§ **Material for this task**

■ ■ ■ ■

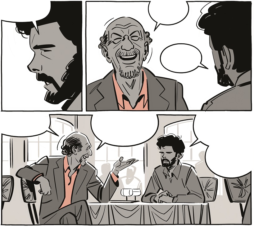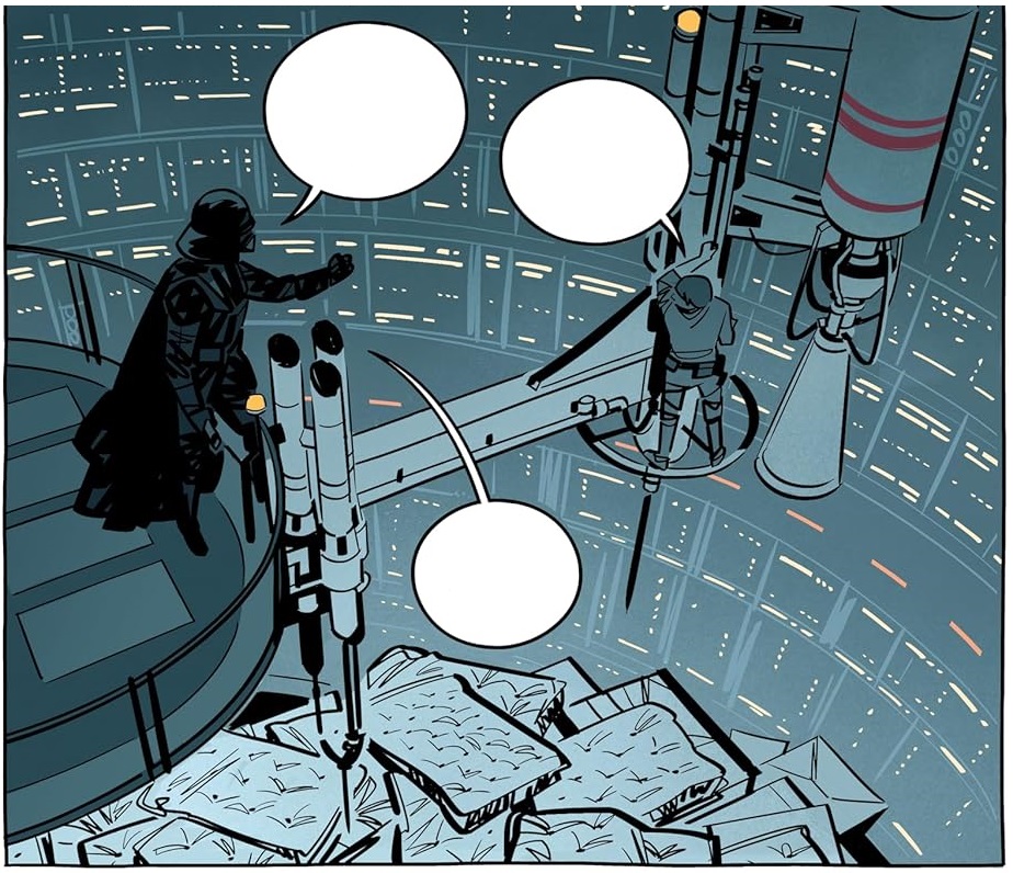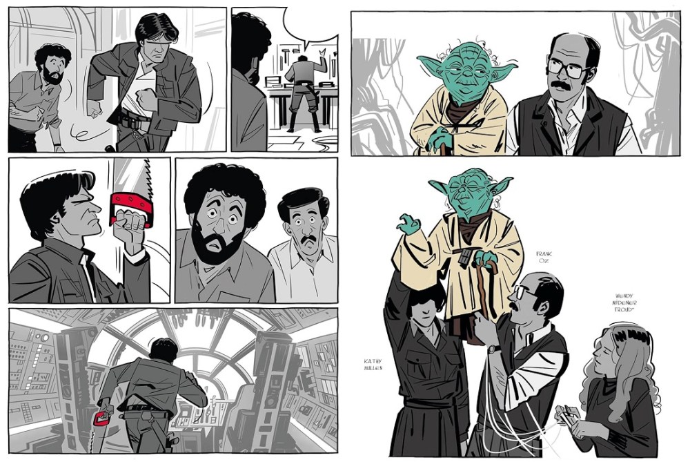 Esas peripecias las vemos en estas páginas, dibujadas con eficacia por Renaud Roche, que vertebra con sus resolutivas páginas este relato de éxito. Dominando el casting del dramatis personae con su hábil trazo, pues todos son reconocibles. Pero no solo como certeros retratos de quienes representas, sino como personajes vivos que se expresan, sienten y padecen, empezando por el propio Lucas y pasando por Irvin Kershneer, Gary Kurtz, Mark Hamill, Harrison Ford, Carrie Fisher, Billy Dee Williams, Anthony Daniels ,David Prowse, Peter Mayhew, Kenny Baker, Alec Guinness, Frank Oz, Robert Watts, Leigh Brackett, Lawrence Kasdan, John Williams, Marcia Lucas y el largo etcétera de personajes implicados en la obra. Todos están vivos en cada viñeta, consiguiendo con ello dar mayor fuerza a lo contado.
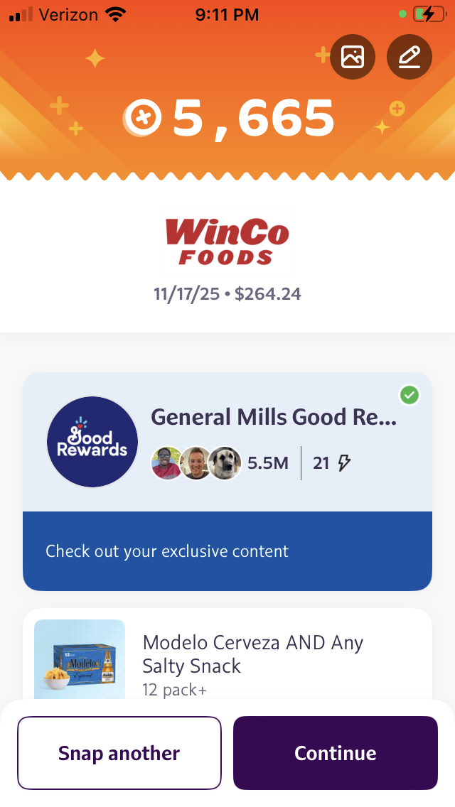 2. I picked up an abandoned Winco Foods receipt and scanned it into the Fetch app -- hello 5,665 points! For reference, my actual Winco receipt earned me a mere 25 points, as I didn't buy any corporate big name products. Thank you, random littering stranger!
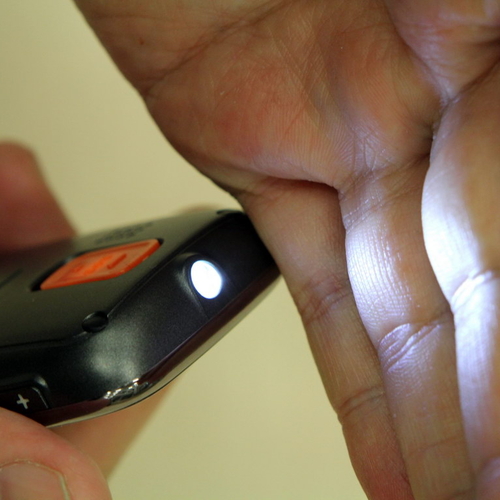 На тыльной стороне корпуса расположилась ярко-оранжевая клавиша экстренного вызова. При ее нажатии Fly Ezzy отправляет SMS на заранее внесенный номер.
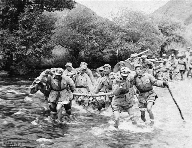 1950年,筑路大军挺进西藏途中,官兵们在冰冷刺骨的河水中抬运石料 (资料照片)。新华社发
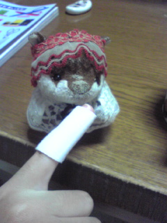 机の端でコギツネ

■ ■ ■ ■

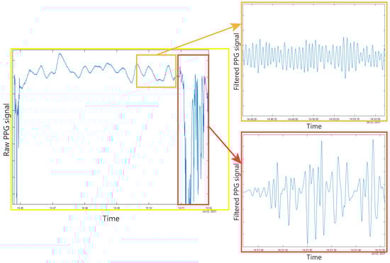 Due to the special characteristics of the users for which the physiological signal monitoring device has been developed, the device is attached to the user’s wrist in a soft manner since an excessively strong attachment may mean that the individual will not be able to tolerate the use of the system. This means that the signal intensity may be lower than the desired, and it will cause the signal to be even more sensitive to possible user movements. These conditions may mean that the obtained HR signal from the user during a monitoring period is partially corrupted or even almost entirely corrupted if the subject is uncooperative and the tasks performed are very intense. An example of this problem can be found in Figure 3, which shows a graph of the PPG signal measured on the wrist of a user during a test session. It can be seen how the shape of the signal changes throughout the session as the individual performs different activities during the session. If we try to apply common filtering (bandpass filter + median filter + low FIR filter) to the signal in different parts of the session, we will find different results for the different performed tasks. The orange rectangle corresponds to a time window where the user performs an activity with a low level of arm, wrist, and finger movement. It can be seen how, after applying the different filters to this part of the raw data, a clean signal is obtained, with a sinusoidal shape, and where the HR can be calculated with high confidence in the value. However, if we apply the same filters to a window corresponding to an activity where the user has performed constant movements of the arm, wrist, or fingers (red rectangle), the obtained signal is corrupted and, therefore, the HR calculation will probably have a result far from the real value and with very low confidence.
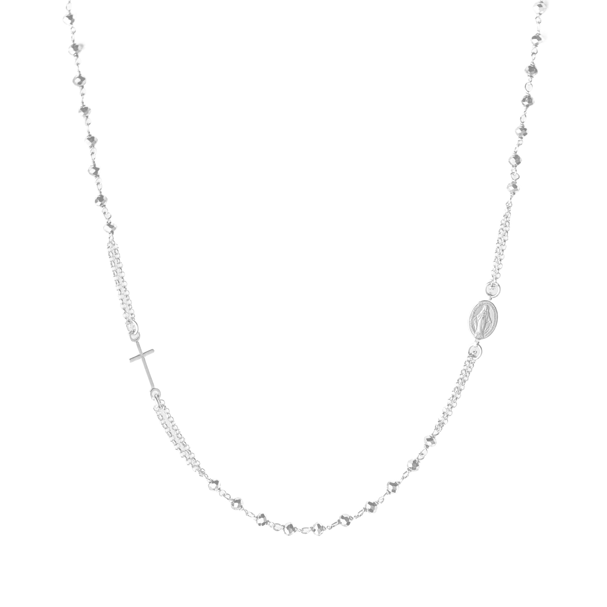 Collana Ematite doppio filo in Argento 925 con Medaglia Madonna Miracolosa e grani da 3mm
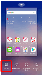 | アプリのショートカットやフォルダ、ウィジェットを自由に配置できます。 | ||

■ ■ ■ ■

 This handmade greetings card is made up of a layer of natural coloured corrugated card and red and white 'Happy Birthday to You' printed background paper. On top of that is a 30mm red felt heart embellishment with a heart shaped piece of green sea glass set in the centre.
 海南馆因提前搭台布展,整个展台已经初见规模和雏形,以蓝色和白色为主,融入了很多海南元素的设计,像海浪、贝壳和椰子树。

■ ■ ■ ■

§ **Instructions for the task**
Among the entries above, copy exactly only the lines starting with the one containing "This handmade greetings" and going through the one containing "海南馆因提前搭台布展,整个展", both ends included.

§ **Problem solution**
 This handmade greetings card is made up of a layer of natural coloured corrugated card and red and white 'Happy Birthday to You' printed background paper. On top of that is a 30mm red felt heart embellishment with a heart shaped piece of green sea glass set in the centre.
 海南馆因提前搭台布展,整个展台已经初见规模和雏形,以蓝色和白色为主,融入了很多海南元素的设计,像海浪、贝壳和椰子树。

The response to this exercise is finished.